# THE TASK:
Copy each of the entries below faithfully, setting aside any pictures.

++++++++

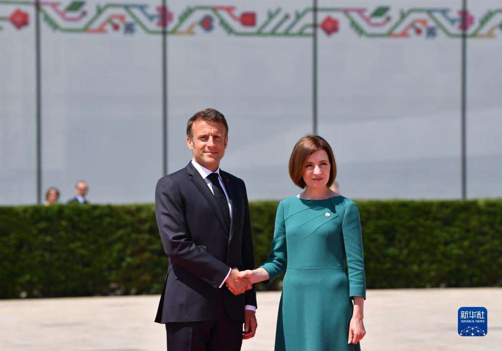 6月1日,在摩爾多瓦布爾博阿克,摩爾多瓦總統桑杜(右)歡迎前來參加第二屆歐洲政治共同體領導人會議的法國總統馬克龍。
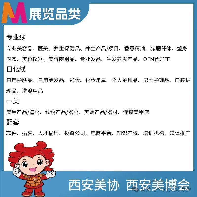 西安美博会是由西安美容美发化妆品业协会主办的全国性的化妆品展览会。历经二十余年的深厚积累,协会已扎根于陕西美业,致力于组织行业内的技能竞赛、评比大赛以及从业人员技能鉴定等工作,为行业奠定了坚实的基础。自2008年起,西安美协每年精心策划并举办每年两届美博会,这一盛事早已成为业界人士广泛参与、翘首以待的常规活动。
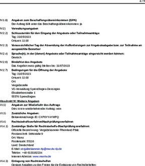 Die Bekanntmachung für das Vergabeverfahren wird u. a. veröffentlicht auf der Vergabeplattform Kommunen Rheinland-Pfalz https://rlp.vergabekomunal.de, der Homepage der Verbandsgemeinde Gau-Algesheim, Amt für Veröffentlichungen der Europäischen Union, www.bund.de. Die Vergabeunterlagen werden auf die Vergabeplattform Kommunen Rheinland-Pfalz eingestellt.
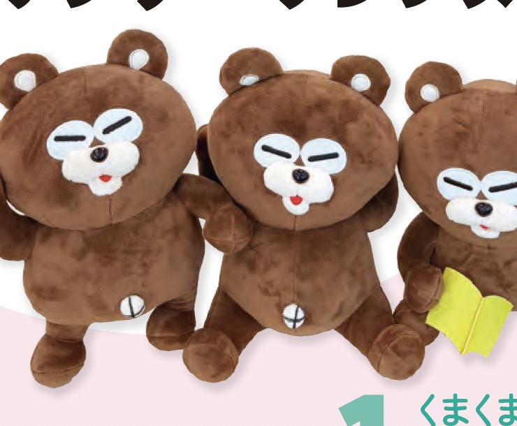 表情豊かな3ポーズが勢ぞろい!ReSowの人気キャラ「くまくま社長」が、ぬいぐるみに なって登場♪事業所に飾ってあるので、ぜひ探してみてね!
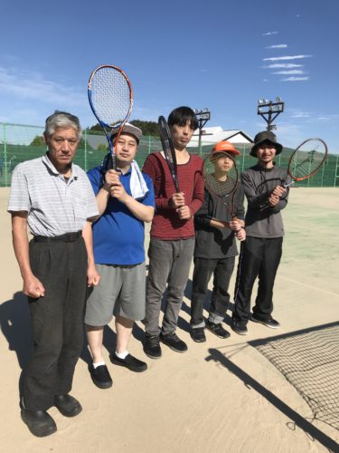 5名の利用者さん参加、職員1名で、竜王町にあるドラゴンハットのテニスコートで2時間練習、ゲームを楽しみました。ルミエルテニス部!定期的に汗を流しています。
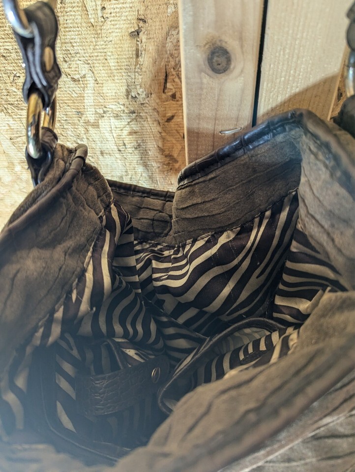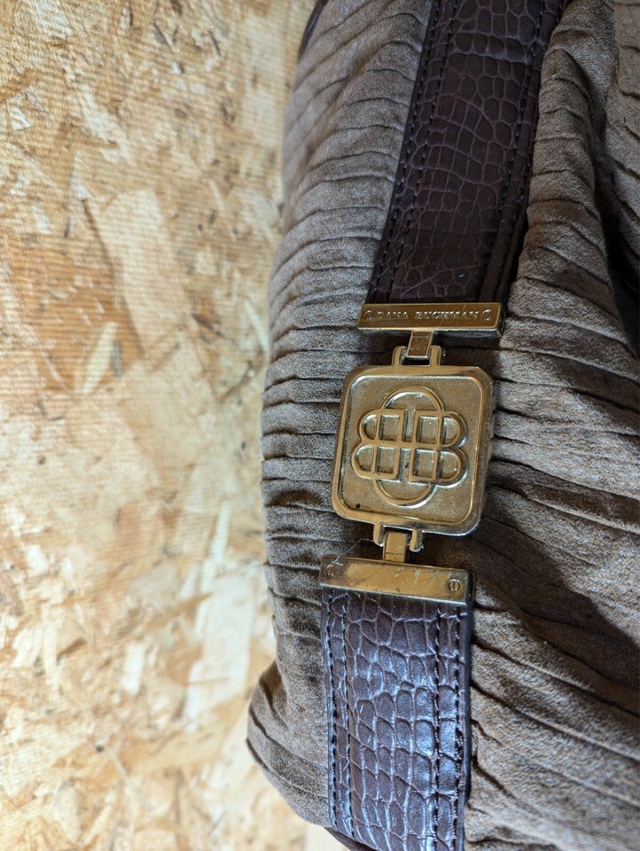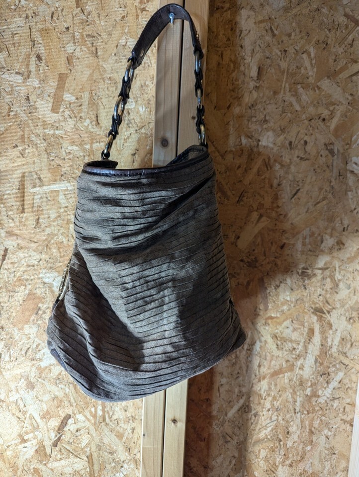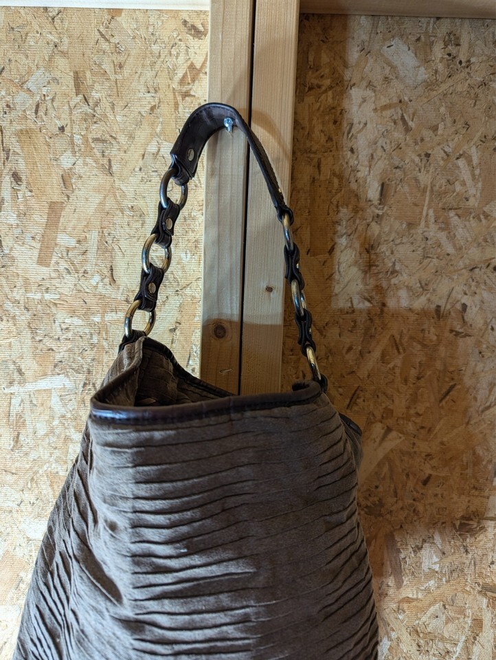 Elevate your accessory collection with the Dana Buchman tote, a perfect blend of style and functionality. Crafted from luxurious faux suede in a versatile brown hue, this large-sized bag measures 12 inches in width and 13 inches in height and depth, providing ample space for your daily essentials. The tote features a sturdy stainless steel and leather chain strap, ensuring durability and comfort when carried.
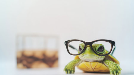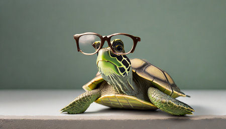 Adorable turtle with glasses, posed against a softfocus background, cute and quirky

++++++++

# EXPECTED ANSWER:
 6月1日,在摩爾多瓦布爾博阿克,摩爾多瓦總統桑杜(右)歡迎前來參加第二屆歐洲政治共同體領導人會議的法國總統馬克龍。
 西安美博会是由西安美容美发化妆品业协会主办的全国性的化妆品展览会。历经二十余年的深厚积累,协会已扎根于陕西美业,致力于组织行业内的技能竞赛、评比大赛以及从业人员技能鉴定等工作,为行业奠定了坚实的基础。自2008年起,西安美协每年精心策划并举办每年两届美博会,这一盛事早已成为业界人士广泛参与、翘首以待的常规活动。
 Die Bekanntmachung für das Vergabeverfahren wird u. a. veröffentlicht auf der Vergabeplattform Kommunen Rheinland-Pfalz https://rlp.vergabekomunal.de, der Homepage der Verbandsgemeinde Gau-Algesheim, Amt für Veröffentlichungen der Europäischen Union, www.bund.de. Die Vergabeunterlagen werden auf die Vergabeplattform Kommunen Rheinland-Pfalz eingestellt.
 表情豊かな3ポーズが勢ぞろい!ReSowの人気キャラ「くまくま社長」が、ぬいぐるみに なって登場♪事業所に飾ってあるので、ぜひ探してみてね!
 5名の利用者さん参加、職員1名で、竜王町にあるドラゴンハットのテニスコートで2時間練習、ゲームを楽しみました。ルミエルテニス部!定期的に汗を流しています。
 Elevate your accessory collection with the Dana Buchman tote, a perfect blend of style and functionality. Crafted from luxurious faux suede in a versatile brown hue, this large-sized bag measures 12 inches in width and 13 inches in height and depth, providing ample space for your daily essentials. The tote features a sturdy stainless steel and leather chain strap, ensuring durability and comfort when carried.
 Adorable turtle with glasses, posed against a softfocus background, cute and quirky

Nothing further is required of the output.